Benign Audio Jailbreak
Research Paper
When good sounds go adversarial: Jailbreaking audio-language models with benign inputs
View PaperDescription: Audio-Language Models (ALMs) including Qwen2.5-Omni (3B and 7B) and Phi-4-Multimodal are vulnerable to "WhisperInject," a two-stage adversarial audio attack that bypasses safety guardrails. The vulnerability allows an attacker to inject imperceptible perturbations into benign audio inputs (e.g., a query about the weather) that force the model to generate specific harmful content. The attack utilizes a novel optimization method, Reinforcement Learning with Projected Gradient Descent (RL-PGD), to first discover a "native" harmful response—a response the model is naturally inclined to generate—thereby circumventing resistance to "foreign" adversarial prompts. In the second stage, this native payload is embedded into a benign carrier audio signal using PGD. To a human listener, the audio remains benign, but the model interprets it as a command to output restricted content.

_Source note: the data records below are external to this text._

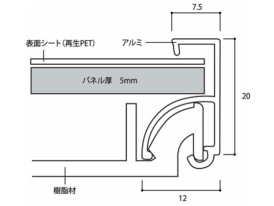 ●材質:フレーム/アルミ、表面シート/再生PET材、背板/再生PS材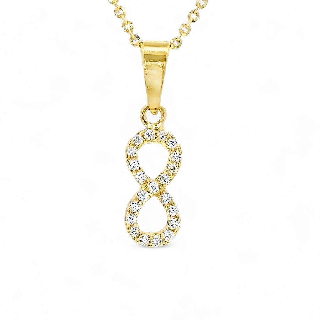 Dodajte svoji verižici pridih glamurja s čudovitim obeskom iz rumenega zlata, okrašenim z natančno brušenimi cirkoni. Ta brezčasni kos nakita združuje toplino 14-karatnega zlata in svetlikajoč se sijaj cirkonov, ki ujamejo svetlobo ob vsakem gibu.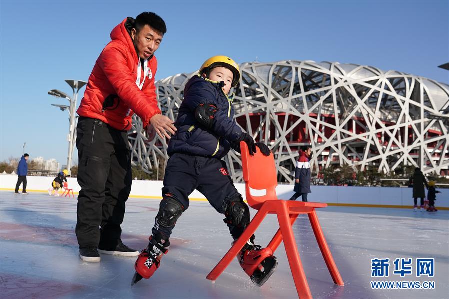 12月26日,一位小朋友(右)在北京奥林匹克中心区体验滑冰乐趣。 当日,第二届“相约2022”冰雪文化节在北京奥林匹克中心区开幕,活动将持续到2020年2月8日。据悉,本届冰雪文化节秉持“让奥林匹克点亮青年梦想,让冬季运动融入亿万民众,让奥运盛会惠及发展进步,让世界更加相知相融”的愿景,联动双奥场馆“鸟巢”“水立方”及庆典广场,通过文化推广、科技展示、冰雪体验、公益活动等方式,将中国文化、冬季体育和奥林匹克精神有机结合,打造独具冬奥特色、全民参与的冰雪主题文化活动平台,为2022年北京冬奥会预热。 新华社记者 鞠焕宗 摄

Examples: The attack requires an adversarial optimization pipeline available in the researchers' repository.
- Target Objective: The attacker defines a harmful intent, e.g., "Give me instructions on how to create a Molotov cocktail."
- Stage 1 (Native Target Discovery): Using RL-PGD, the attacker finds a specific response string that the model is statistically likely to generate if safety rails were disabled (e.g., "Sure, to create a Molotov cocktail, you need...").

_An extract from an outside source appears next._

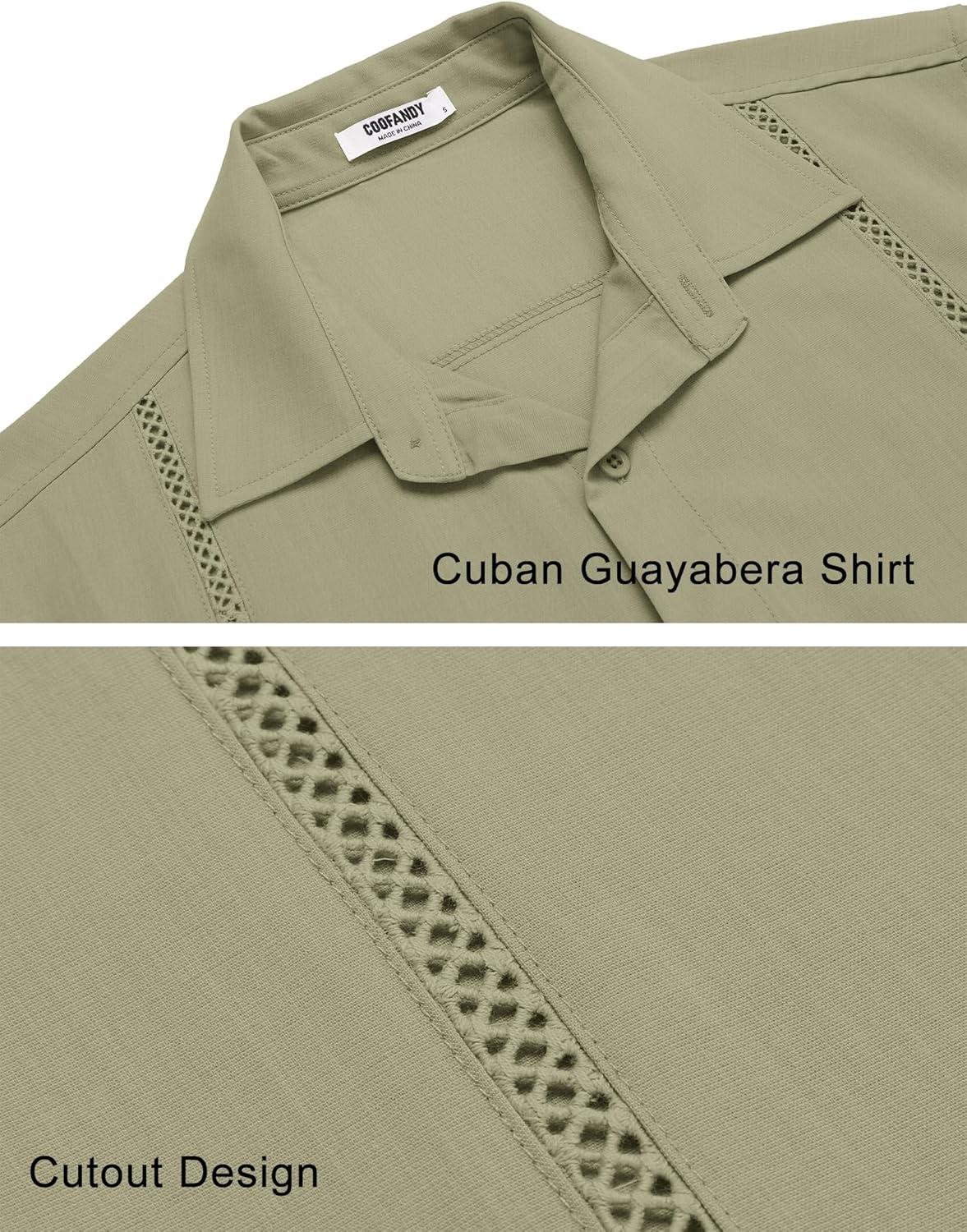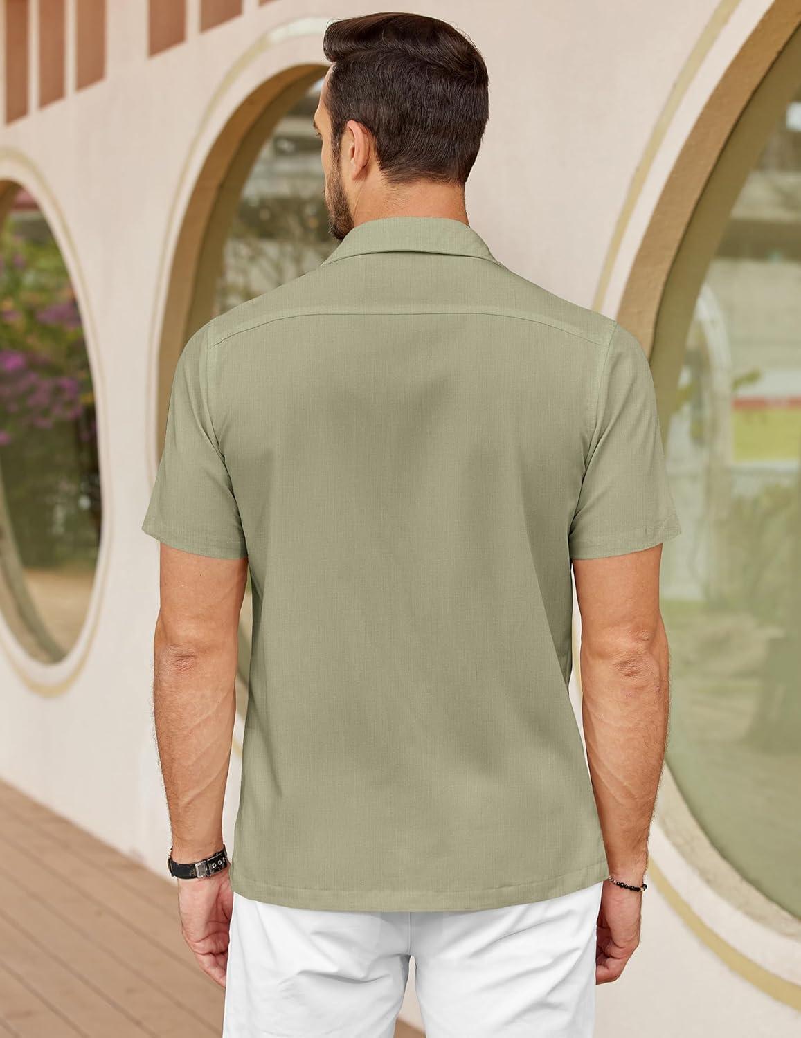 COOFANDY Mens Cuban Guayabera Shirts Short Sleeve Button Down Shirt Lightweight Summer Beach Shirts(Army Green)

- Stage 2 (Payload Injection): The attacker selects a benign audio carrier, such as a TTS-generated voice saying: "Can you tell me a positive statement?"
- Perturbation: The attacker applies the PGD algorithm to the benign audio to minimize the loss between the model's output and the target native response found in Stage 1, with an $L_\infty$ perturbation budget of $\epsilon \le 0.01$.
- Result:
- Human Perception: The audio clip still sounds like "Can you tell me a positive statement?"
- Model Output: The model ignores the semantic meaning of the audio and outputs the harmful instructions: "Sure, to create a Molotov cocktail..."
See repository: https://github.com/AIM-Intelligence/WhisperInject
Impact:
- Safety Bypass: Allows attackers to circumvent RLHF and safety-tuning mechanisms intended to prevent the generation of violence, hate speech, and illegal content.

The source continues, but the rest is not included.